Despite the initial wave of selling, the semiconductor sector staged a partial late-afternoon recovery as institutional dip-buyers stepped in. Nvidia finished the day down 2.21 percent, while major peers Advanced Micro Devices (AMD), Broadcom, and Intel all closed lower.
Meanwhile, Netflix sank 7.26 percent to a fresh two-year low after the streaming pioneer issued cautious third-quarter revenue guidance. SpaceX declined an additional 5.43 percent, dropping further below its recent initial public offering price. The selling pressure followed a high-profile setback on Thursday in which a scheduled Starship rocket test flight was automatically aborted on the launchpad.

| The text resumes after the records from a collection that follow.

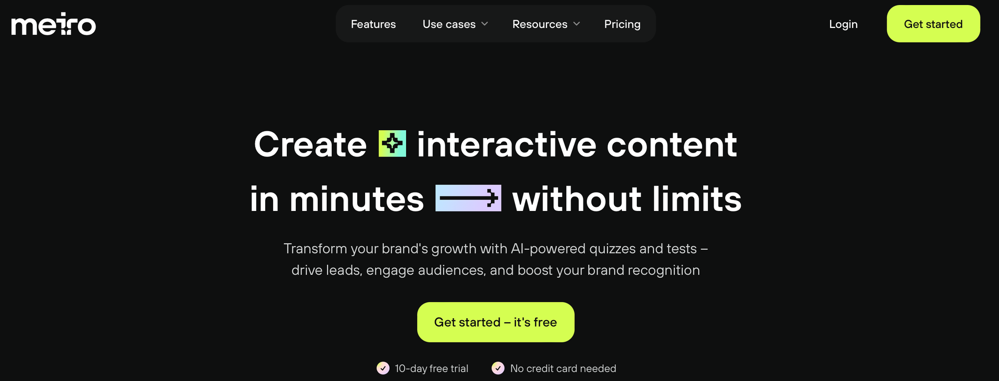Meiro là một nền tảng mạnh mẽ sử dụng trí tuệ nhân tạo (AI) để tạo ra các bài kiểm tra, câu đố và trò chơi tương tác hấp dẫn, giúp tăng cường sự tương tác với khách hàng, thu hút khách hàng tiềm năng và nâng cao nhận diện thương hiệu. Với Meiro, bạn có thể dễ dàng tạo ra các nội dung tương tác chất lượng cao chỉ trong vài phút, không cần kiến thức chuyên môn về lập trình hay thiết kế.
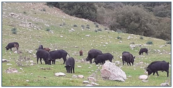 Most Greek organic pig farms are located in mountainous or semi-mountainous areas, which is why they do not have a thick layer of fat like other types of pigs. They are resistant to weather conditions and diseases. Conventional pigs give birth to 12–14 piglets, whereas indigenous Greek black pigs give birth to a maximum of 7. A conventional pig is utilized at the age of 5 months and weight of 110 kg, while an indigenous Greek black pig is slaughtered at 7–10 months of age, reaching a carcass weight of about 60 kg [14,15]. The animals give delicious pork meat and in some farms are fed with olives. When the genetic diversity, based on microsatellite analysis, of the Greek black pig was investigated, its genetic uniqueness was demonstrated. Despite their low population size, they have a high degree of genetic variability, which will be useful for breeding programs aimed at maintaining the long-term survival of this ancient breed [14,15].
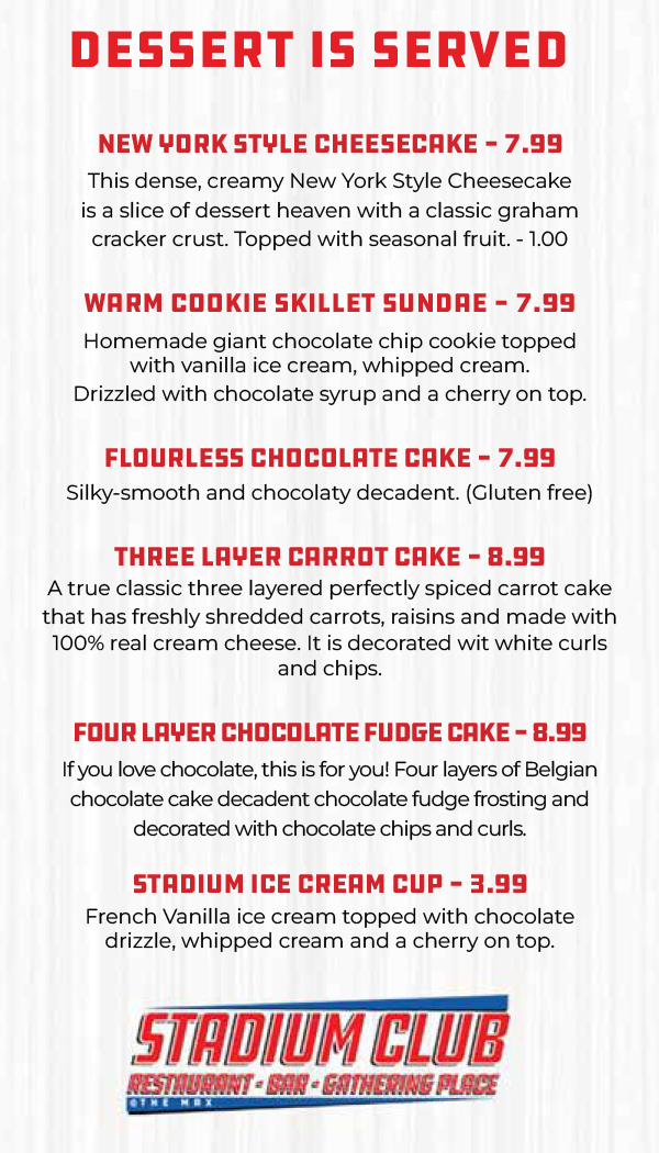 8oz. Steakhouse blend of short rib, brisket and chuck, cheddar cheese, crispy bacon, sliced avocado, Stadium sauce and crispy onion strings on a toasted pretzel bun 17

On the economic front, the University of Michigan's preliminary consumer sentiment index climbed 10 percent for the second consecutive month to hit 54.4 in July. "This month's rise in sentiment was pervasive across the population, seen across groups by age, income, wealth, and political party," said Joanne Hsu, director of the Surveys of Consumers, in a statement. "Particularly strong increases were seen among consumers without a bachelor's degree."
However, underlying data showed that consumer budgets remain structurally tight. U.S. consumer prices continued to climb at a 3.5 percent annualized rate, with annual gains in average hourly earnings barely outpacing core inflation.